[TASK MATERIAL — start]
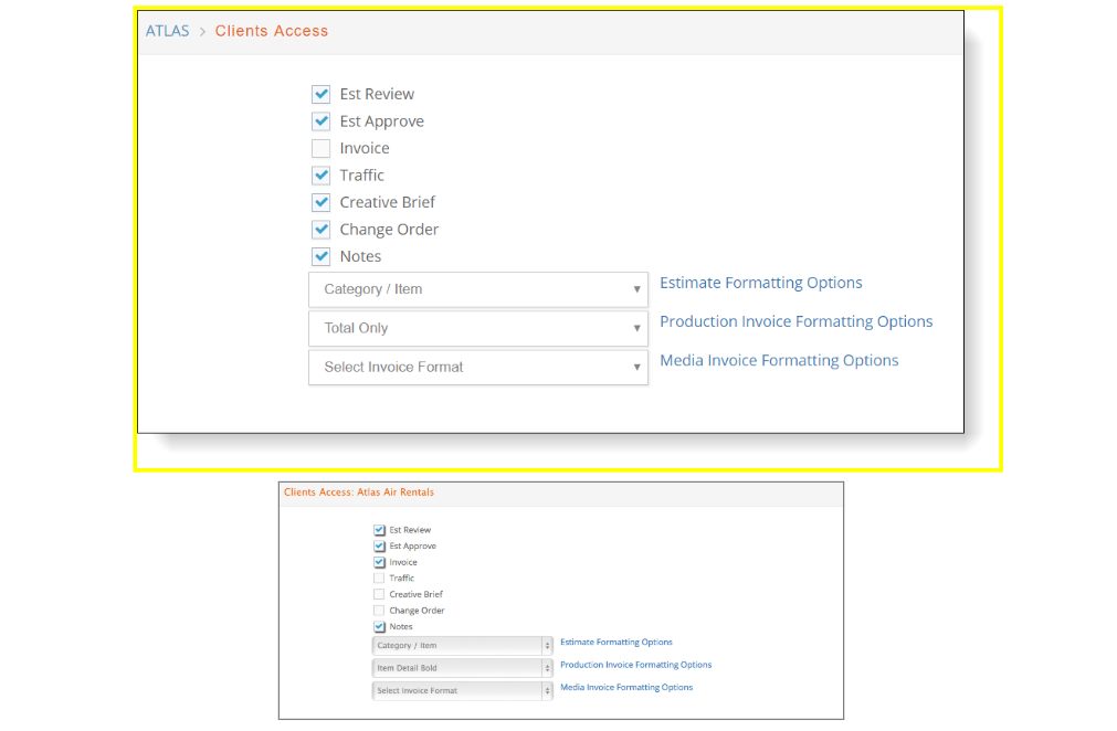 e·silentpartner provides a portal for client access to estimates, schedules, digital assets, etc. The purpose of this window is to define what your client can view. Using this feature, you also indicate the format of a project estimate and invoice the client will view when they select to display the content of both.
[TASK MATERIAL — finish]
[TASK MATERIAL — start]
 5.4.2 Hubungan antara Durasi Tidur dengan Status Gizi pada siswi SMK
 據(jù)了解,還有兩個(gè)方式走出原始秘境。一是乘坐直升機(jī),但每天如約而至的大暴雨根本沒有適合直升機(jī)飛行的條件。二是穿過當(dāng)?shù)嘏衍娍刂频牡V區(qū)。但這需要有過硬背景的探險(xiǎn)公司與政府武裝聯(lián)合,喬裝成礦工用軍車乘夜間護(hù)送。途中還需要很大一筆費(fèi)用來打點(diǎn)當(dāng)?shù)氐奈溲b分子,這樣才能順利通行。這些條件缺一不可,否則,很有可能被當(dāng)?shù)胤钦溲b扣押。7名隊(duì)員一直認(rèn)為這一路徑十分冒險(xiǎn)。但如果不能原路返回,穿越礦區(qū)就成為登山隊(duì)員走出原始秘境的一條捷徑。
[TASK MATERIAL — finish]
## [EXERCISE GOAL]
Retype the records above, but only those lines that fall between the line containing "5.4.2 Hubungan antara" and the line containing "據(jù)了解,還有兩個(g", with both of those lines included, exactly as written.

## [OUTPUT BELOW]
 5.4.2 Hubungan antara Durasi Tidur dengan Status Gizi pada siswi SMK
 據(jù)了解,還有兩個(gè)方式走出原始秘境。一是乘坐直升機(jī),但每天如約而至的大暴雨根本沒有適合直升機(jī)飛行的條件。二是穿過當(dāng)?shù)嘏衍娍刂频牡V區(qū)。但這需要有過硬背景的探險(xiǎn)公司與政府武裝聯(lián)合,喬裝成礦工用軍車乘夜間護(hù)送。途中還需要很大一筆費(fèi)用來打點(diǎn)當(dāng)?shù)氐奈溲b分子,這樣才能順利通行。這些條件缺一不可,否則,很有可能被當(dāng)?shù)胤钦溲b扣押。7名隊(duì)員一直認(rèn)為這一路徑十分冒險(xiǎn)。但如果不能原路返回,穿越礦區(qū)就成為登山隊(duì)員走出原始秘境的一條捷徑。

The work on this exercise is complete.